[ACTIVITY] Where a picture appears, leave it out, and transcribe all the lines below exactly.

[RECORDED DATA]
#####
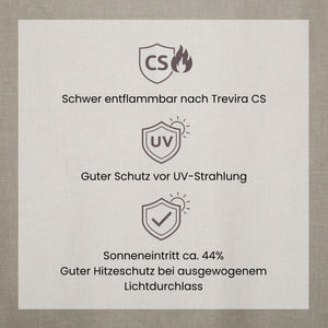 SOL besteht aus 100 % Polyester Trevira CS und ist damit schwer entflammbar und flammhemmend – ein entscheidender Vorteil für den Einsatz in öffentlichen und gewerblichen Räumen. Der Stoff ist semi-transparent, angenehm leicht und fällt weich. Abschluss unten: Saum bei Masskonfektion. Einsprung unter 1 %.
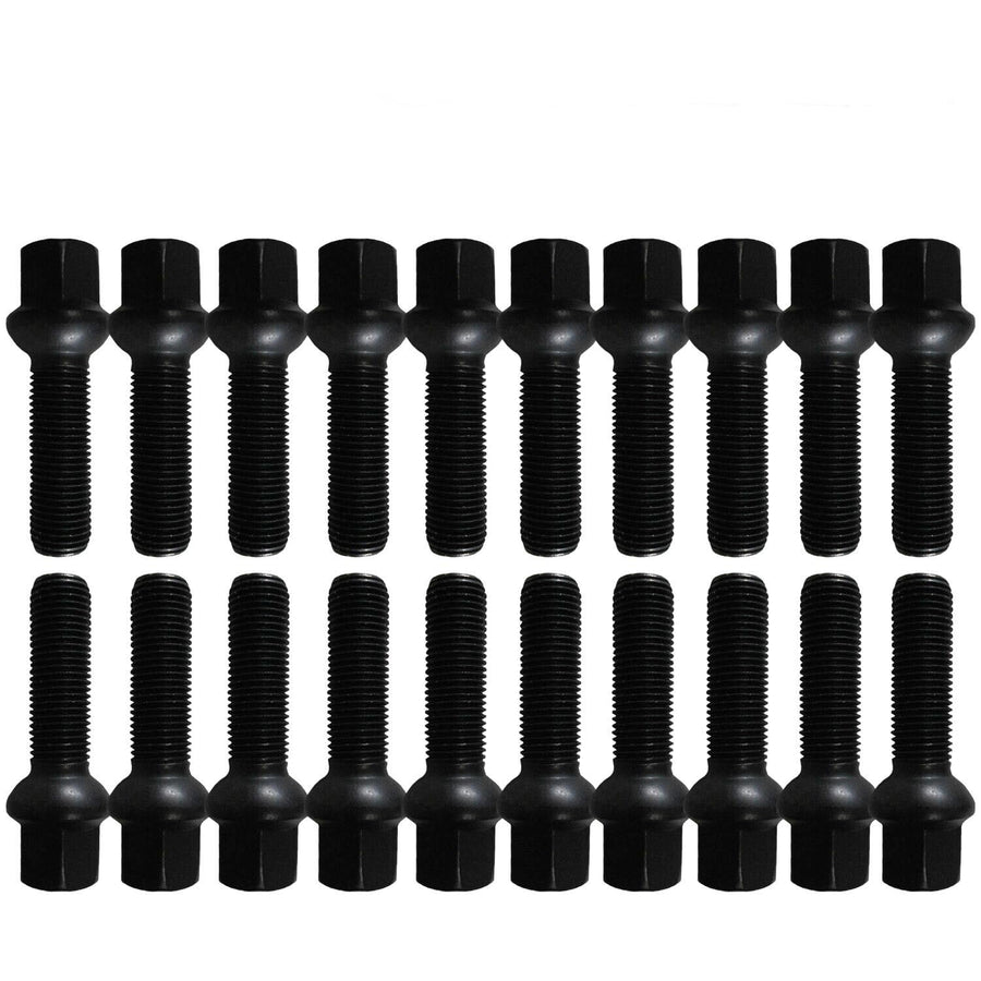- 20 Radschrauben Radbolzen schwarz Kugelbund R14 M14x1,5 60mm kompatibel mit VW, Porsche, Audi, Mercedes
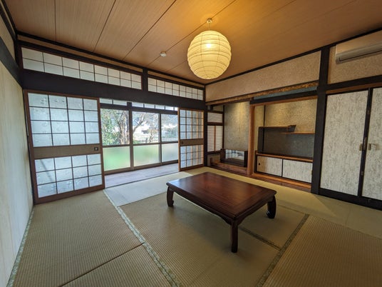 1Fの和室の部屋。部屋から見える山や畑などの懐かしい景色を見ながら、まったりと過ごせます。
#####
[REPLY TO THE TASK]
 SOL besteht aus 100 % Polyester Trevira CS und ist damit schwer entflammbar und flammhemmend – ein entscheidender Vorteil für den Einsatz in öffentlichen und gewerblichen Räumen. Der Stoff ist semi-transparent, angenehm leicht und fällt weich. Abschluss unten: Saum bei Masskonfektion. Einsprung unter 1 %.
- 20 Radschrauben Radbolzen schwarz Kugelbund R14 M14x1,5 60mm kompatibel mit VW, Porsche, Audi, Mercedes
 1Fの和室の部屋。部屋から見える山や畑などの懐かしい景色を見ながら、まったりと過ごせます。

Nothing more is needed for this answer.